Colonial Williamsburg Foundation – Established in 1926, this not-for-profit educational institution preserves and operates the restored 18th-century Revolutionary capital of Virginia as a town-sized living history museum, telling the inspirational stories of our nation’s founding men and women. Located in Williamsburg, VA.
Jamestown Settlement and Yorktown Victory Center – Through film, artifact-filled galleries and outdoor living history, these museums engage visitors in nearly two centuries of our nation’s history – from the founding of America’s first permanent English settlement in 1607 to the decisive Revolutionary War victory in 1781 and implementation of the Constitution and Bill of Rights.
Maryland Science Center – Science Live! Science under the stars. Science on the big screen. Travel the planet, or visit other planets. Dinosaurs. Planet Earth. The Human body. Outer space. Chesapeake Bay life. The Kids Room. Three levels of Exhibits. Located in Baltimore, MD.

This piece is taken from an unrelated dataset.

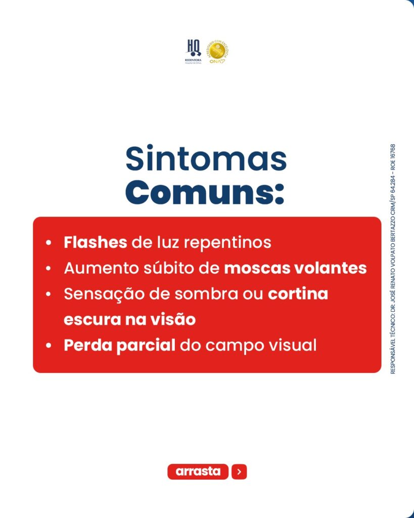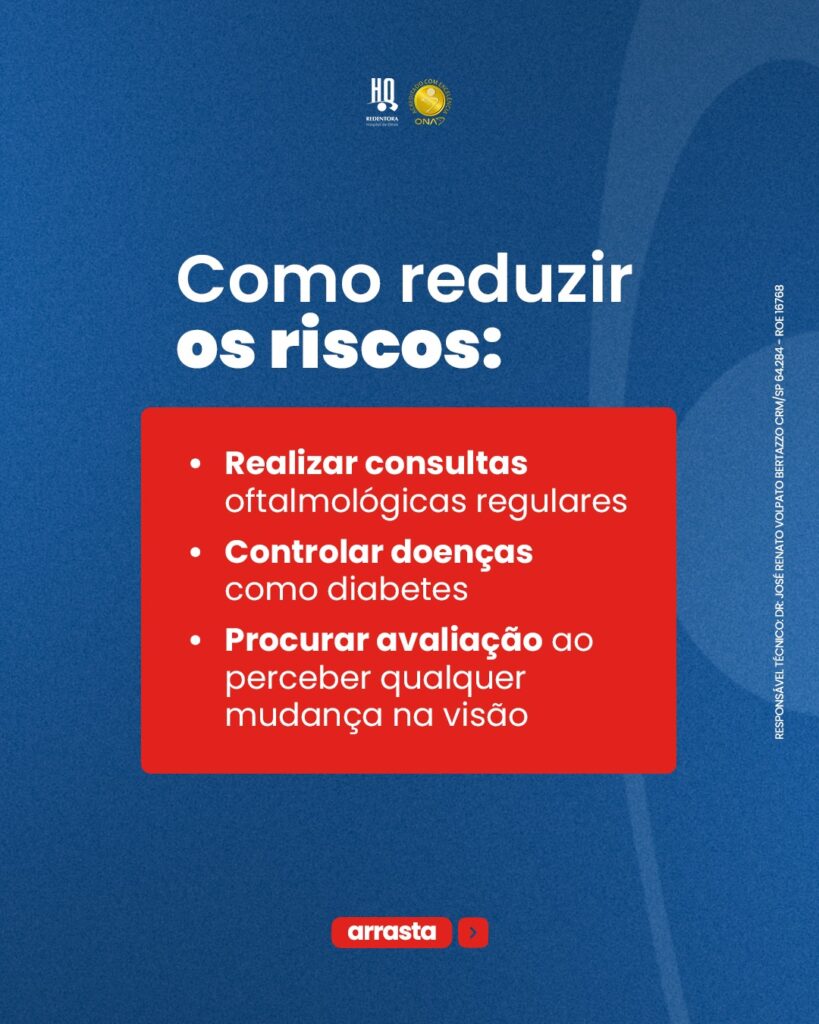 Alterações repentinas na visão nunca devem ser ignoradas. Quanto antes o diagnóstico é feito, maiores são as chances de preservar a qualidade visual. O acompanhamento regular é ainda mais importante para quem tem miopia alta, diabetes ou já sofreu algum trauma ocular.

Mount Vernon: George Washington’s Estate & Gardens – Mount Vernon, the most popular historic estate in America, now features 25 new theaters and galleries in an underground museum and education center that illuminates George Washington’s remarkable life. A tour of the 45-acre historic estate includes the Mansion house as it appeared in 1799, more than a dozen outbuildings, four distinct gardens, a Forest Trail, and a four-acre exhibition farm. Located just 16 miles south of DC at the end of the George Washington Memorial Parkway.
National Geographic Museum – The exhibitions, and the scientific fieldwork and expeditions on which they are based, are supported by National Geographic’s Mission Programs. Located at 17th and M Streets NW in downtown Washington, D.C.

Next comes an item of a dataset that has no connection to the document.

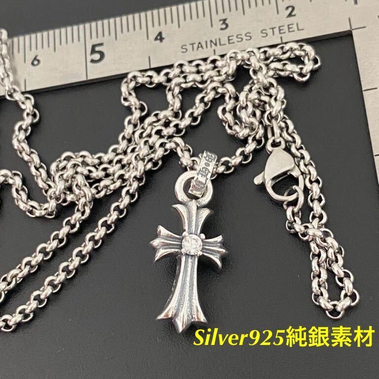 > シルバー925純銀素材 ネックレス ペンダント クロス ベビーファット トップ チェーン:50cm 新品 シルバー 刻印あり 男女兼用 送料無料

Newseum – Go behind the scenes to experience how and why news is made. This 250,000-square-foot museum of news offers an experience that blends five centuries of news history with up-to-the-second technology and hands-on exhibits. The Newseum features seven levels of galleries, theaters, retail spaces and visitor services.
Tudor Place – This National Historic Landmark is a house museum distinguished for its neoclassical architecture, decorative arts collection including over 100 objects from George and Martha Washington’s Mount Vernon, and 5 1/2 acres of gardens. Tudor Place presents the history of Georgetown, the Federal City, and the nation. Completed in 1816, Tudor Place was the home of Thomas Peter and his wife, Martha Custis Peter, granddaughter of Martha Washington. Tudor Place was designed by Dr. William Thornton, the first architect of the U.S. Capitol, and was home to six generations of the Custis-Peter family for 180 years. Located in Georgetown’s historic district.
Washington DC Parking and Transportation
You’ll find a limited number of free, 3-hour limit, on-street parking spaces near National Mall museums along Jefferson and Madison Drives. Visitors often find it more convenient to use public transportation, including taxis because free parking is limited and posted times are generally enforced. Metrorail, Washington’s subway system, and Metrobus link the city with nearby communities in Maryland and Virginia.
The Federal Triangle and Smithsonian stations, on Metrorail’s Blue and Orange lines, are located near the Mall. Every subway station is equipped with an elevator and most with escalators. There is no public parking facility at the Smithsonian on the National Mall.